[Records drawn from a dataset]
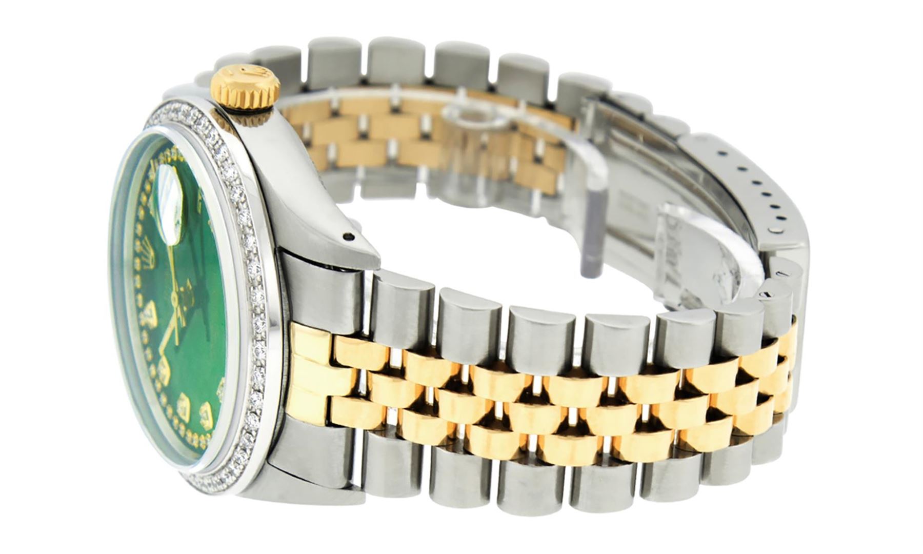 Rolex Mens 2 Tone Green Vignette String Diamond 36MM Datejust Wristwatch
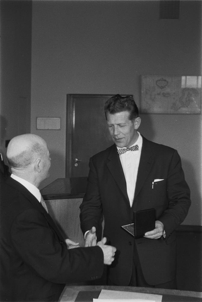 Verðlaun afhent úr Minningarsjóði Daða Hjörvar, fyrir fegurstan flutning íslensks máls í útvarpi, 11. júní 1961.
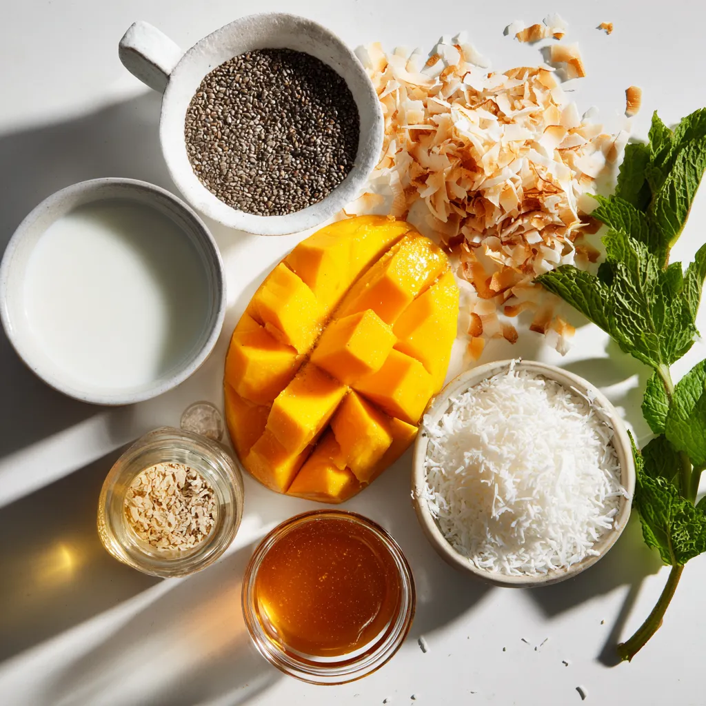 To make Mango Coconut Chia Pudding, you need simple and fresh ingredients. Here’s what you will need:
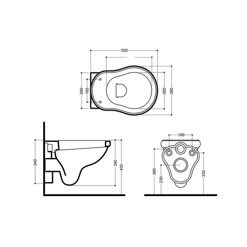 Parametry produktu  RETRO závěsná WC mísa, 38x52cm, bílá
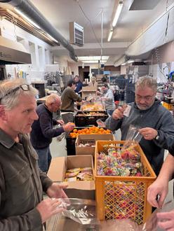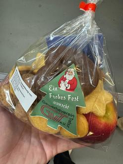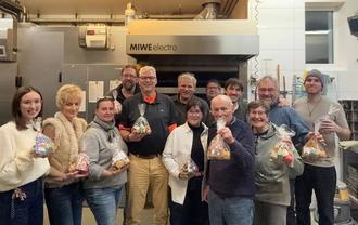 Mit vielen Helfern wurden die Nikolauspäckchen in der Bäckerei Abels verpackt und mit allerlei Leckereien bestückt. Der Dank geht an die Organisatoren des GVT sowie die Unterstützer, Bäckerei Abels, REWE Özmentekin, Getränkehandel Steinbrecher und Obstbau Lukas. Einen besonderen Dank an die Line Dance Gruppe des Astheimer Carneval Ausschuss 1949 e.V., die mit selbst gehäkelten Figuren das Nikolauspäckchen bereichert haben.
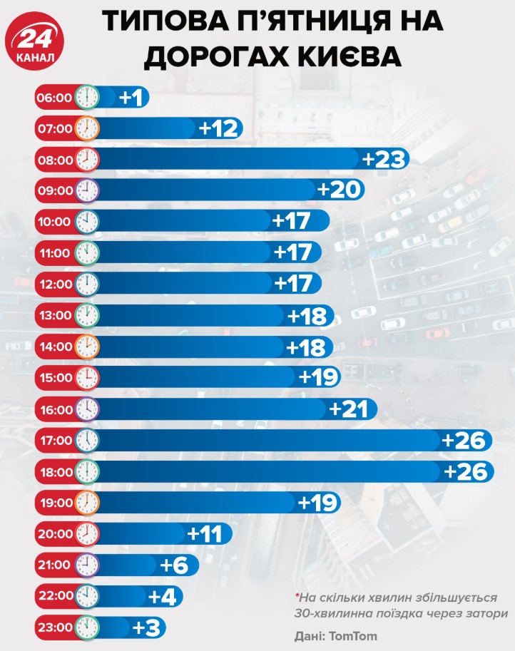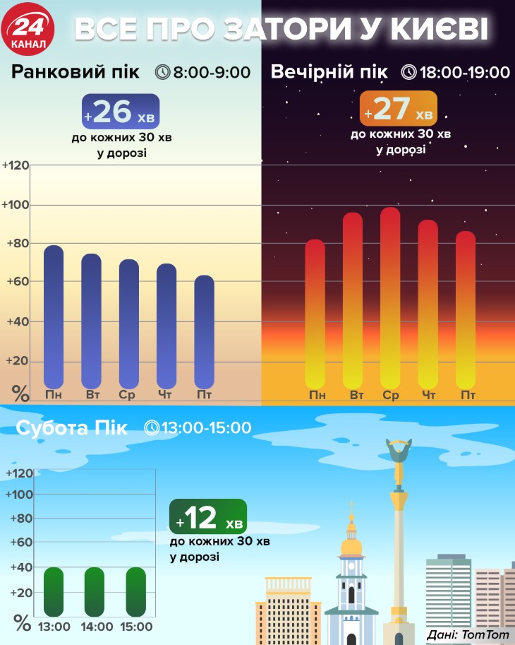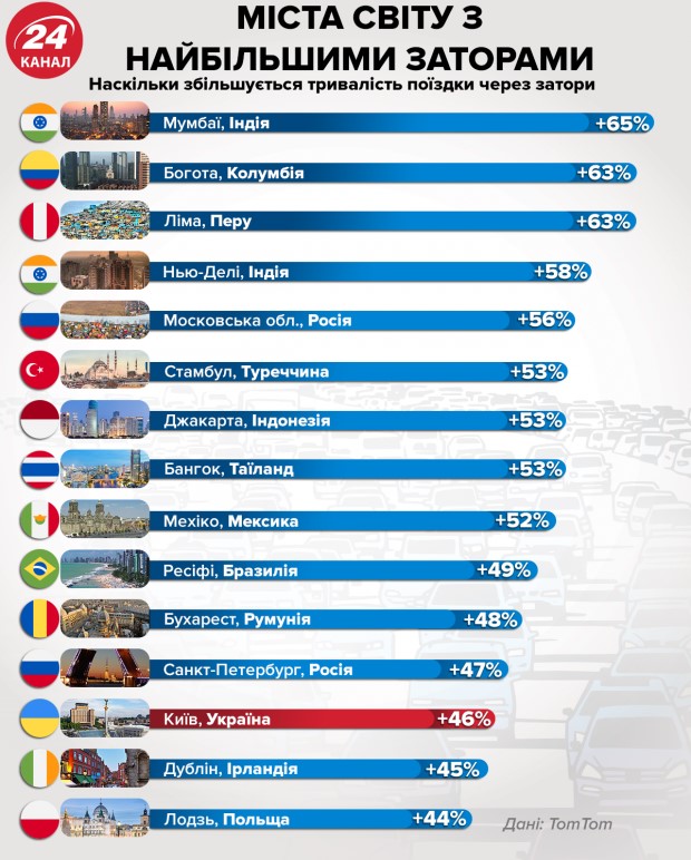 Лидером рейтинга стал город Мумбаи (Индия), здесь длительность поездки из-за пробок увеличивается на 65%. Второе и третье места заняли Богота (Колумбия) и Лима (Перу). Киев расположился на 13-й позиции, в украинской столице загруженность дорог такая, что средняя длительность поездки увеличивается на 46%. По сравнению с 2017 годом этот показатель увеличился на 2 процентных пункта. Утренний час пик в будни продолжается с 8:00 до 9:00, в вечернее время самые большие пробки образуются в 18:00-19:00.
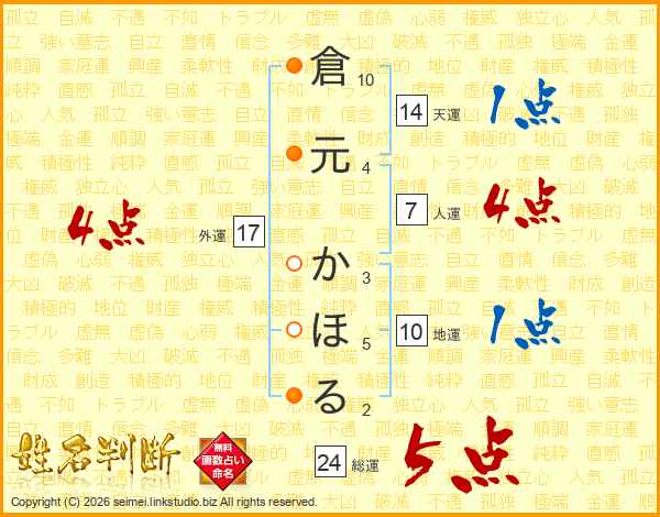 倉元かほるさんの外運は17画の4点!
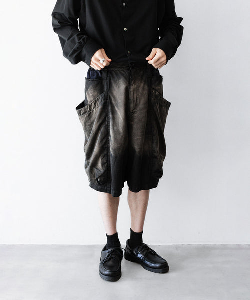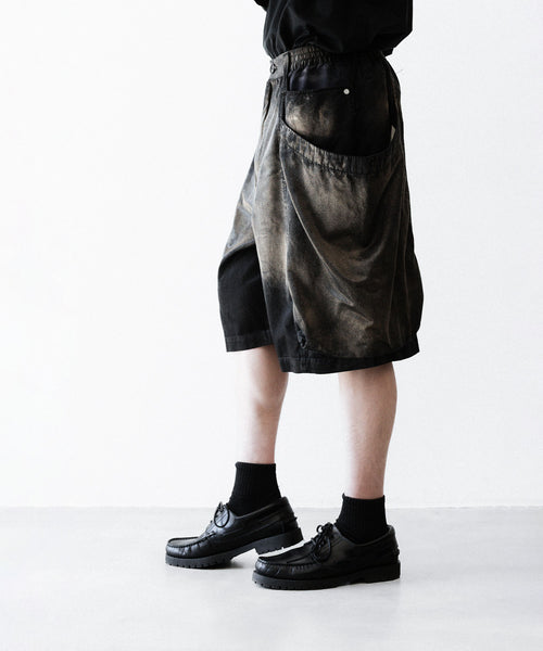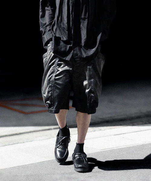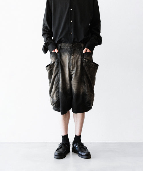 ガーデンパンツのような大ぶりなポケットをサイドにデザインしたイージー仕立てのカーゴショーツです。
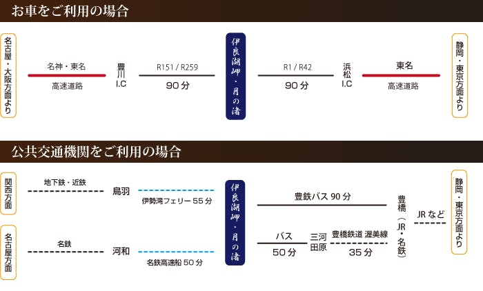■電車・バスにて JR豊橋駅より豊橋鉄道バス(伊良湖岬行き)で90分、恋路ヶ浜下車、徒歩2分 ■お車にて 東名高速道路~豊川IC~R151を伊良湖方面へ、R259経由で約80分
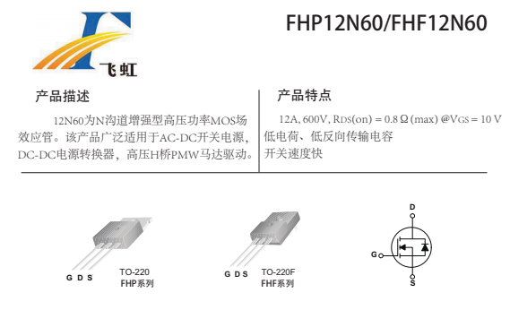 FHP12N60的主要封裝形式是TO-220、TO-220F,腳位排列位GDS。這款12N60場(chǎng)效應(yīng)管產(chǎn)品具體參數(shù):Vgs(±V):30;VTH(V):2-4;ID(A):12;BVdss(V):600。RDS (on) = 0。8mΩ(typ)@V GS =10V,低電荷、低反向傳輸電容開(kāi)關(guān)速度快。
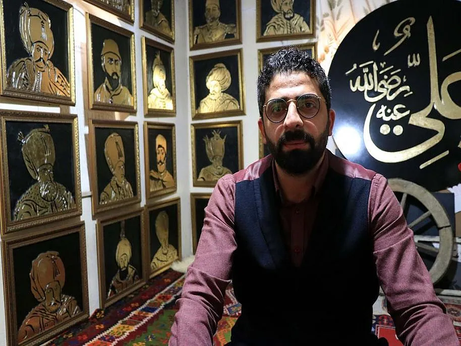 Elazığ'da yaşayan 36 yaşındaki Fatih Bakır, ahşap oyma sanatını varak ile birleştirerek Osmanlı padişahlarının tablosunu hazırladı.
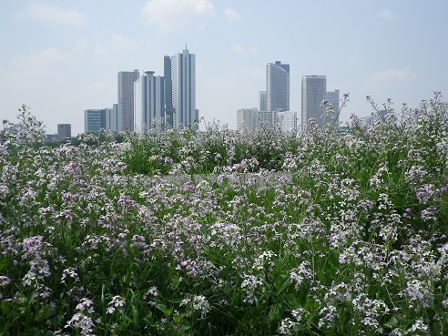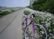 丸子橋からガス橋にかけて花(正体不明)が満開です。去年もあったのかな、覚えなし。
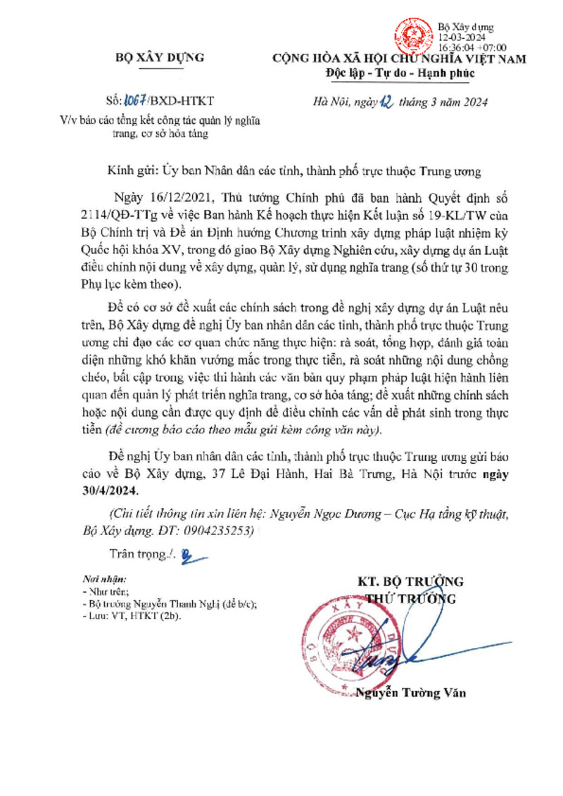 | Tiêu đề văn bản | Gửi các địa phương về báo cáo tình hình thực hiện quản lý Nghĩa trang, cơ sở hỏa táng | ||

- **WORK REQUEST**
The expected answer is the data retyped exactly, without pictures.

- **RESPONSE TO THIS TASK**
 Rolex Mens 2 Tone Green Vignette String Diamond 36MM Datejust Wristwatch
 Verðlaun afhent úr Minningarsjóði Daða Hjörvar, fyrir fegurstan flutning íslensks máls í útvarpi, 11. júní 1961.
 To make Mango Coconut Chia Pudding, you need simple and fresh ingredients. Here’s what you will need:
 Parametry produktu  RETRO závěsná WC mísa, 38x52cm, bílá
 Mit vielen Helfern wurden die Nikolauspäckchen in der Bäckerei Abels verpackt und mit allerlei Leckereien bestückt. Der Dank geht an die Organisatoren des GVT sowie die Unterstützer, Bäckerei Abels, REWE Özmentekin, Getränkehandel Steinbrecher und Obstbau Lukas. Einen besonderen Dank an die Line Dance Gruppe des Astheimer Carneval Ausschuss 1949 e.V., die mit selbst gehäkelten Figuren das Nikolauspäckchen bereichert haben.
 Лидером рейтинга стал город Мумбаи (Индия), здесь длительность поездки из-за пробок увеличивается на 65%. Второе и третье места заняли Богота (Колумбия) и Лима (Перу). Киев расположился на 13-й позиции, в украинской столице загруженность дорог такая, что средняя длительность поездки увеличивается на 46%. По сравнению с 2017 годом этот показатель увеличился на 2 процентных пункта. Утренний час пик в будни продолжается с 8:00 до 9:00, в вечернее время самые большие пробки образуются в 18:00-19:00.
 倉元かほるさんの外運は17画の4点!
 ガーデンパンツのような大ぶりなポケットをサイドにデザインしたイージー仕立てのカーゴショーツです。
■電車・バスにて JR豊橋駅より豊橋鉄道バス(伊良湖岬行き)で90分、恋路ヶ浜下車、徒歩2分 ■お車にて 東名高速道路~豊川IC~R151を伊良湖方面へ、R259経由で約80分
 FHP12N60的主要封裝形式是TO-220、TO-220F,腳位排列位GDS。這款12N60場(chǎng)效應(yīng)管產(chǎn)品具體參數(shù):Vgs(±V):30;VTH(V):2-4;ID(A):12;BVdss(V):600。RDS (on) = 0。8mΩ(typ)@V GS =10V,低電荷、低反向傳輸電容開(kāi)關(guān)速度快。
 Elazığ'da yaşayan 36 yaşındaki Fatih Bakır, ahşap oyma sanatını varak ile birleştirerek Osmanlı padişahlarının tablosunu hazırladı.
 丸子橋からガス橋にかけて花(正体不明)が満開です。去年もあったのかな、覚えなし。
 | Tiêu đề văn bản | Gửi các địa phương về báo cáo tình hình thực hiện quản lý Nghĩa trang, cơ sở hỏa táng | ||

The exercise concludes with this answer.